Mahrenholz – Fast einen Kubikmeter Müll haben Unbekannte in einem Waldstück in der Gemarkung Mahrenholz illegal abgeladen. Einem Steinhorster ist der Umweltfrevel bei einem Spaziergang aufgefallen, er alarmierte direkt die Polizei. Diese hat die Ermittlungen aufgenommen.

„Genau richtig gehandelt“, urteilt Gifhorns Polizeisprecher Thomas Reuter.

„Leider gehört wilder Müll zu unseren täglichen Aufgaben.“ Glücklicherweise beschränke es sich aber zumeist auf kleinere Mengen und ungefährliche Substanzen. „Man fragt sich eigentlich, warum die Leute sowas überhaupt tun“, wundert sich Reuter. „Beispielsweise wird oft Elektroschrott in der Feldmark gefunden. Den kann man aber auch kostenlos beim Händler entsorgen!“

„Kleinmengen werden bevorzugt im Bereich von Park- und Rastmöglichkeiten entsorgt, da hier oftmals Fahrzeuge stehen und diese nicht sofort verdächtig sind“, erklärt Kreisrat Mirco Schmidt. „Eine Kofferraummenge mit mehreren Müllsäcken ist daher leider schnell in die Landschaft geworfen.“ Größere Mengen würden stattdessen eher an abgelegeneren Stellen abgeladen.

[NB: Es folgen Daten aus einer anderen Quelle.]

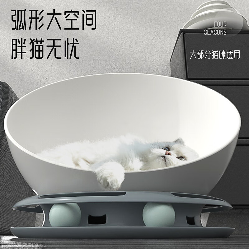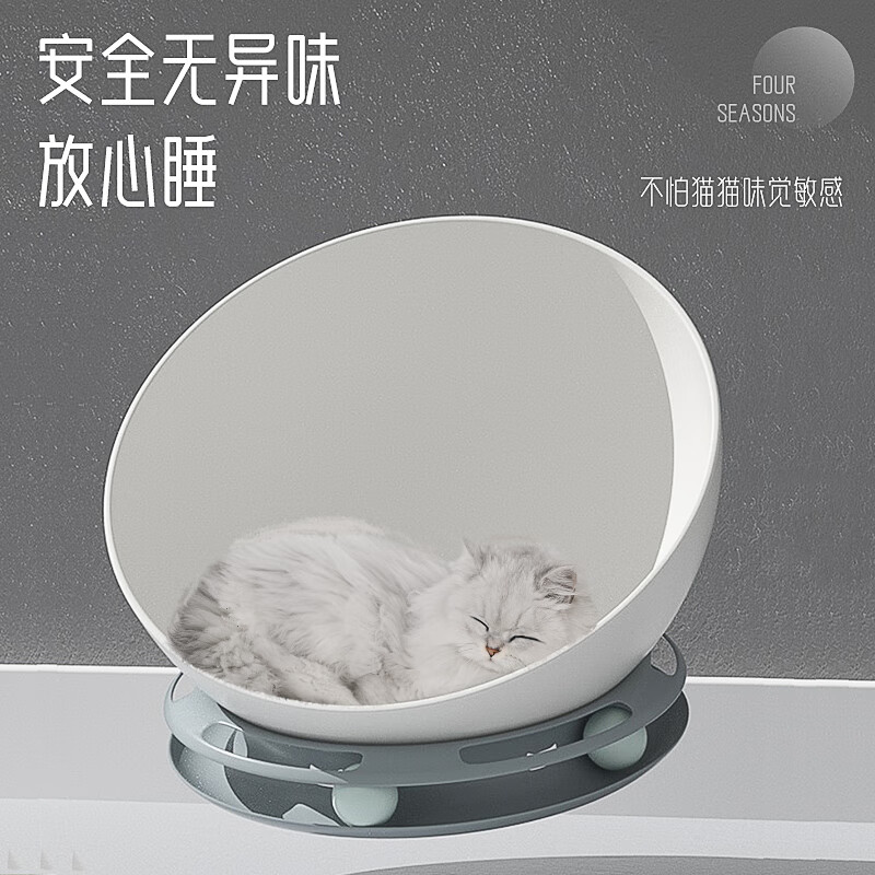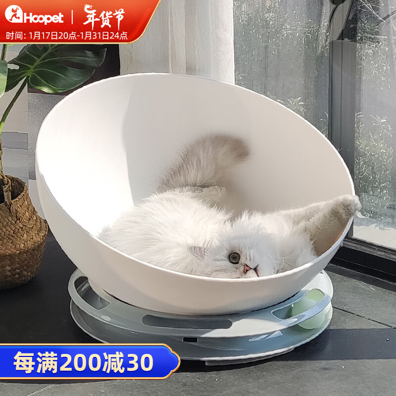 hoopet猫玩具转盘猫窝四季通用自嗨玩具球半封闭式可拆洗太空舱窝高颜值防侧翻凹碗猫咪用品 半封闭猫窝 灰色转盘 2个球 15斤内全年龄猫咪通用

Besonders häufig werde auch Bauschutt oder bei Baumaßnahmen angefallener Unrat illegal entsorgt. „Viele scheinen solche Arbeiten auch zum Anlass zu nehmen, auszumisten – und dann wandert alles zusammen leider viel zu oft in die Botanik“, ärgert sich Reuter. „Wilder Müll macht oft viel Arbeit. Und es ist nicht einfach, die Verantwortlichen zu ermitteln.“

Daher sei es besonders wichtig, dass entsprechende Hinweise möglichst schnell an die Polizei oder den Landkreis weitergegeben werden. „Wenn Spaziergängern also irgendwo Müll im Wald oder im Feld auffällt – direkt melden!“, appelliert Reuter. „Je früher wir die Hinweise erhalten, desto größer ist die Wahrscheinlichkeit, dass wir beispielsweise anhand von Etiketten Hinweise auf die Verantwortlichen erhalten.“

Im Auftrag und auf Kosten des Landkreises nimmt ein Dienstleister die Entsorgung des Mülls vor Ort mit einem Lkw vor. „Dabei werden immer mehrere Stellen, an denen wilder Müll abgelagert wurde, angefahren“, erklärt Schmidt. Deshalb könne es je nach abgelagerten Mengen oder der Art des abgelagerten Abfalls auch manchmal einige Wochen dauern. „Die Entsorgung ist kostenintensiv und wird aus den Abfallgebühren, die jeder Haushalt über seine Restmüllgebühr entrichtet, finanziert“, so der Kreisrat. Je nach Art und Menge der Abfälle drohen den Verursachern empfindliche Bußgelder oder auch eine Anklage.